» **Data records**
[Start of section]
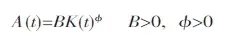 和θ分别表示资本、劳动以及知识存量对技术增长的影响系数。
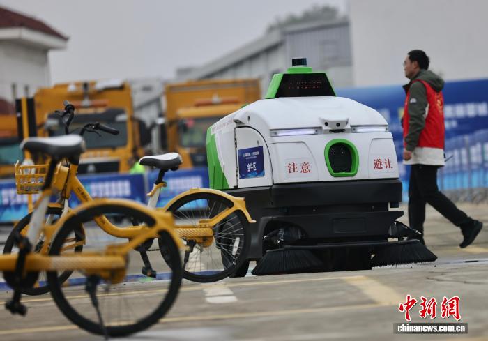 10月29日,成都市首届无人驾驶环卫清扫设备技能竞赛在蓉举行,多台无人驾驶环卫车在模拟城市道路的赛场上有序穿梭、精准作业,全面展示“智慧清洁”系统在真实场景下的综合能力。图为一辆参赛车在进行动态避障比赛。
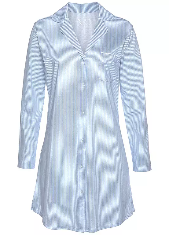 Fashionistas watch out! This casual nightie features a subtle all-over pattern, alongside a lapel collar full button placket and chest pocket. Finished with slits and a rounded hem.
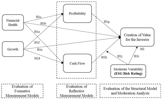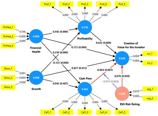 It is crucial to emphasize that external factors such as high inflation, elevated interest rates, and strict regulatory policies are already reflected in the 2023 financial indicator results of the latent variables, particularly in the cash flow indicators. These factors directly influence operating costs, access to financing, and investment decisions, affecting companies’ cash flows. Therefore, incorporating these factors into the analysis provides a more realistic and comprehensive view of the impact of ESG risk ratings on investor value creation.
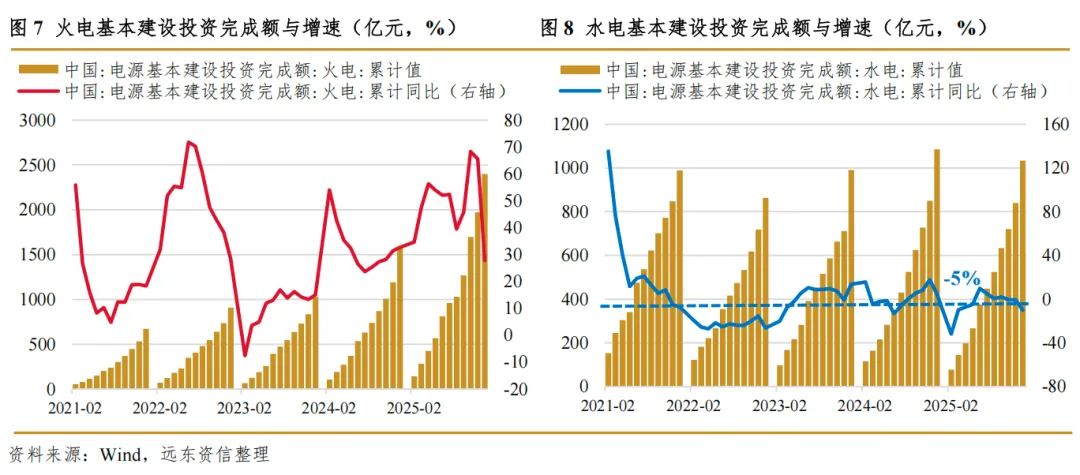 为缓解2021~2022年阶段性电力供需失衡,国家发展改革委与国家能源局于2022年9月召开煤炭电力保供工作会议,煤电机组核准力度明显加大。2022~2024年,中国分别核准煤电机组9,071.6万千瓦、10,643.5万千瓦、6,223.9万千瓦,核准量分别为2021年的4.9倍、5.7倍和3.4倍,期间火电基本建设投资完成额增速触底回升。考虑到煤电自核准至投产的建设期约为2~3年,在电力供给短缺时集中核准的大规模火电机组于2026年正处于投产高峰期,使得我国火电装机容量或将迎来一轮增长潮。水电属于稀缺资源,我国可开发水电资源不断减少,剩余可开发容量裕度非常有限。近年来,中国水电机组基本建设投资完成额增速围绕-5%的中枢波动,2025年为-10.3%。考虑到大型水电机组投产周期多在10年以上,我们预计2026年水电机组投产规模较2024~2025年变化不大。
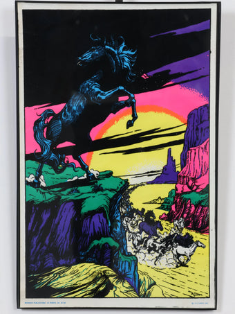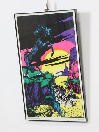 1970年代 ヴィンテージ メタルフレーム ホース ブラックライト ポスター
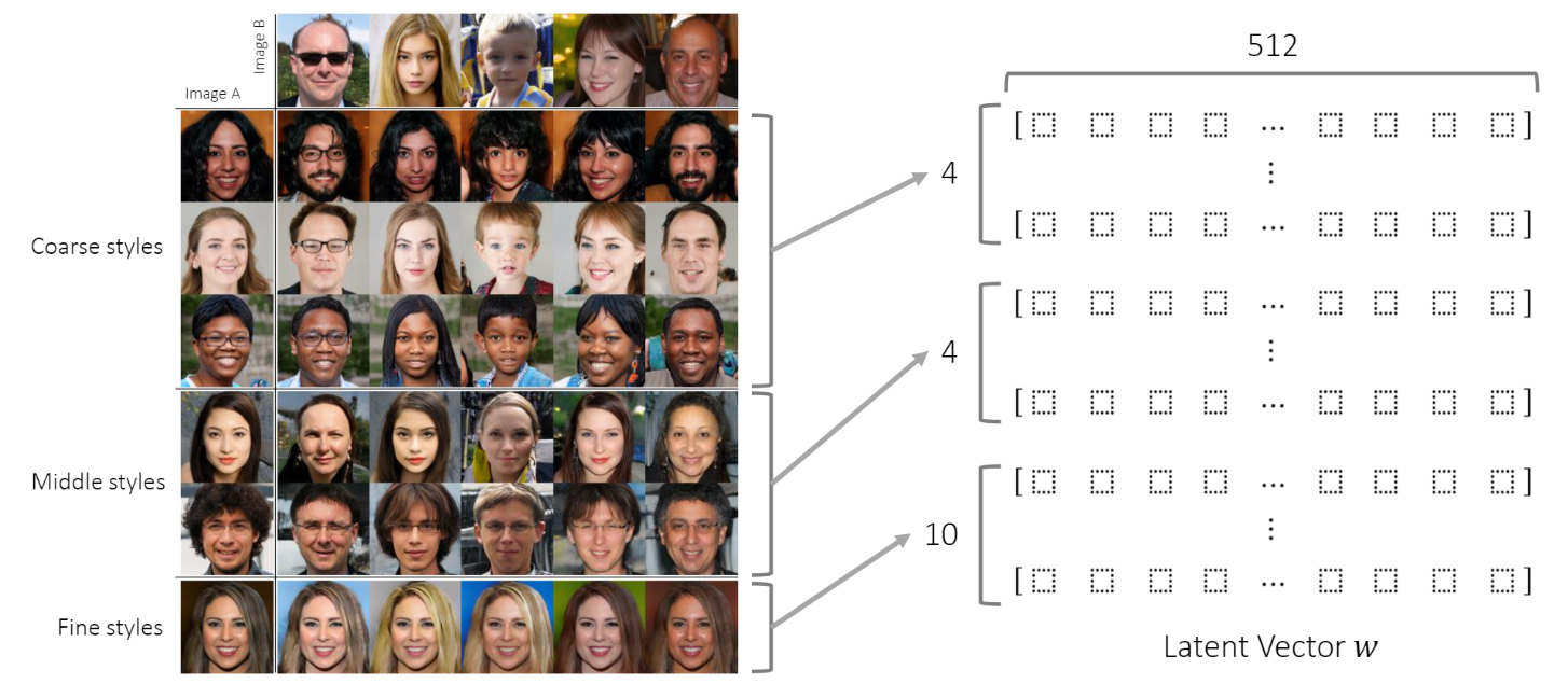 이해를 돕기 위해 나동빈님의 자료에서 발췌해왔다. 앞서 설명한 mixing regularization을 직관적으로 보여주는 그림이라고 할 수 있다. 이미지 A를 기반으로 이미지 B의 특징들을 섞는 것이다. 이 때 이러한 특징을 섞을 때 예를 들면 Coarse style을 적용한다고 하자. 그러면 오른쪽 matrix의 4열 까지는 Image B의 특징을 갖고(image B의 latent vector) 그리고 나머지 열은 Image A의 특징(image A의 latent vector)이 적용되는 것이다.
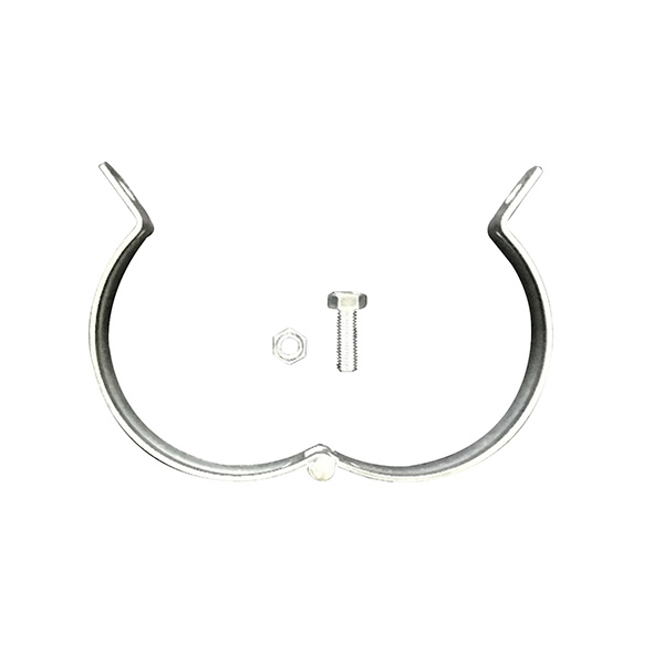 ●丸型パイプに使用可能な蝶番式鉄製の吊りバンドです。
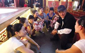 趙本山在二樓一直觀察排練,表情嚴肅。下樓后徑直走到臺前,把8位女孩叫到身邊!岸啻罅耍俊北旧酱笫鍛B度和藹,先和她們嘮起了家常。
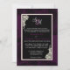 Elegant black and white lace over purple plum background with monogram and white contrast formal wedding invitation card.
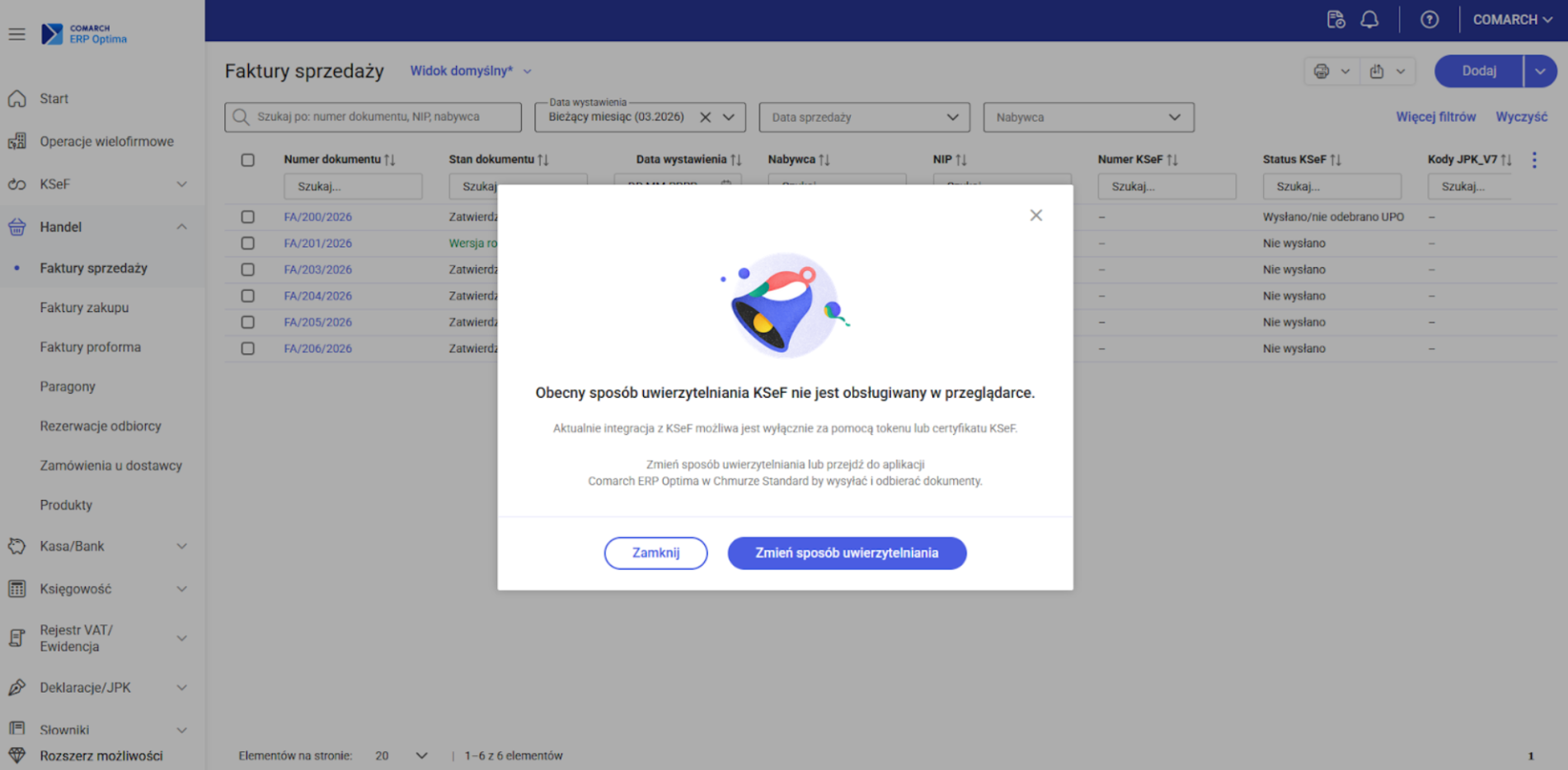 Brak wcześniejszej konfiguracji sposobu uwierzytelniania lub wybór metody innej niż certyfikat KSeF lub token w wersji chmurowej (formy wspierane przez wersję przeglądarkową) spowoduje zablokowanie wysyłki do KSeF oraz wyświetlenie stosownego komunikatu.
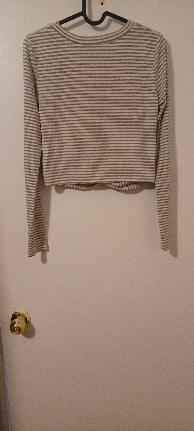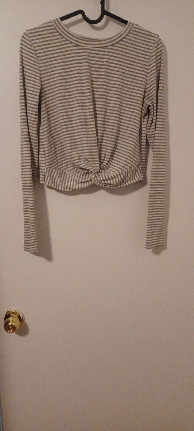 Here's a cute striped long sleeve crop top! It has a knot detail at the front. Light, easy fabric.
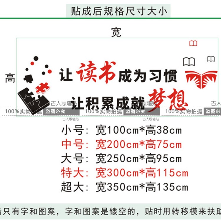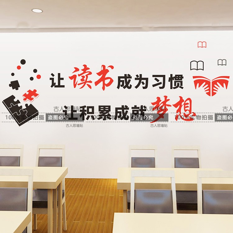 讀書成為習慣勵志激勵墻貼紙 圖書館班級教室標語裝飾貼紙閱覽室1入
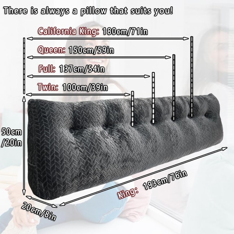- Multiple sizes: We have a total of 5 sizes, and there is always one that suits you!This large headboard pillows provides excellent back,lumber and neck support while sitting up in bed, reading, watching TV,browsing phone, surfing tablet, playing video games and so on. The large headboard backrest support pillow fits perfectly to your mattress.
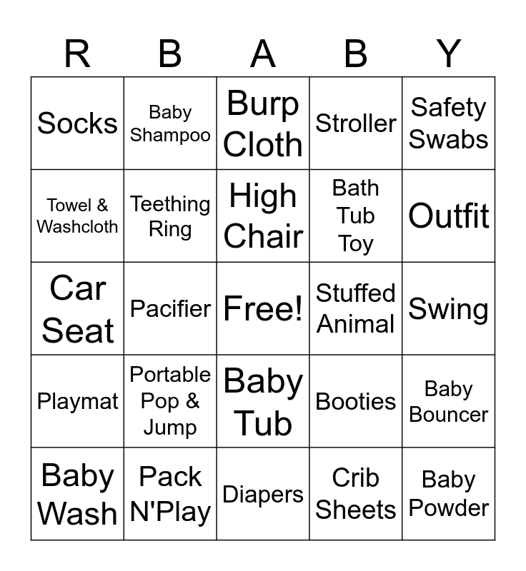 This bingo card has a free space and 31 words: Diapers, Book, Pacifier, Sound Machine, Socks, Burp Cloth, Teething Ring, Booties, Stuffed Animal, Crib Sheets, Swing, Baby Powder, Bib, Onesie, Outfit, Blanket, Baby Bouncer, Portable Pop & Jump, Playmat, Baby Tub, Safety Swabs, Diaper Cream, Baby Wash, Baby Shampoo, Bath Tub Toy, Towel & Washcloth, Stroller, Car Seat, Pack N'Play, High Chair and Bottle Washer.
[End of section]
» **EXERCISE PROMPT**
Set the lines above down again, word for word, from the first through the one containing "Elegant black and"; pictures excluded.

» **ANSWER SECTION**
 和θ分别表示资本、劳动以及知识存量对技术增长的影响系数。
 10月29日,成都市首届无人驾驶环卫清扫设备技能竞赛在蓉举行,多台无人驾驶环卫车在模拟城市道路的赛场上有序穿梭、精准作业,全面展示“智慧清洁”系统在真实场景下的综合能力。图为一辆参赛车在进行动态避障比赛。
 Fashionistas watch out! This casual nightie features a subtle all-over pattern, alongside a lapel collar full button placket and chest pocket. Finished with slits and a rounded hem.
 It is crucial to emphasize that external factors such as high inflation, elevated interest rates, and strict regulatory policies are already reflected in the 2023 financial indicator results of the latent variables, particularly in the cash flow indicators. These factors directly influence operating costs, access to financing, and investment decisions, affecting companies’ cash flows. Therefore, incorporating these factors into the analysis provides a more realistic and comprehensive view of the impact of ESG risk ratings on investor value creation.
 为缓解2021~2022年阶段性电力供需失衡,国家发展改革委与国家能源局于2022年9月召开煤炭电力保供工作会议,煤电机组核准力度明显加大。2022~2024年,中国分别核准煤电机组9,071.6万千瓦、10,643.5万千瓦、6,223.9万千瓦,核准量分别为2021年的4.9倍、5.7倍和3.4倍,期间火电基本建设投资完成额增速触底回升。考虑到煤电自核准至投产的建设期约为2~3年,在电力供给短缺时集中核准的大规模火电机组于2026年正处于投产高峰期,使得我国火电装机容量或将迎来一轮增长潮。水电属于稀缺资源,我国可开发水电资源不断减少,剩余可开发容量裕度非常有限。近年来,中国水电机组基本建设投资完成额增速围绕-5%的中枢波动,2025年为-10.3%。考虑到大型水电机组投产周期多在10年以上,我们预计2026年水电机组投产规模较2024~2025年变化不大。
 1970年代 ヴィンテージ メタルフレーム ホース ブラックライト ポスター
 이해를 돕기 위해 나동빈님의 자료에서 발췌해왔다. 앞서 설명한 mixing regularization을 직관적으로 보여주는 그림이라고 할 수 있다. 이미지 A를 기반으로 이미지 B의 특징들을 섞는 것이다. 이 때 이러한 특징을 섞을 때 예를 들면 Coarse style을 적용한다고 하자. 그러면 오른쪽 matrix의 4열 까지는 Image B의 특징을 갖고(image B의 latent vector) 그리고 나머지 열은 Image A의 특징(image A의 latent vector)이 적용되는 것이다.
 ●丸型パイプに使用可能な蝶番式鉄製の吊りバンドです。
 趙本山在二樓一直觀察排練,表情嚴肅。下樓后徑直走到臺前,把8位女孩叫到身邊!岸啻罅耍俊北旧酱笫鍛B度和藹,先和她們嘮起了家常。
 Elegant black and white lace over purple plum background with monogram and white contrast formal wedding invitation card.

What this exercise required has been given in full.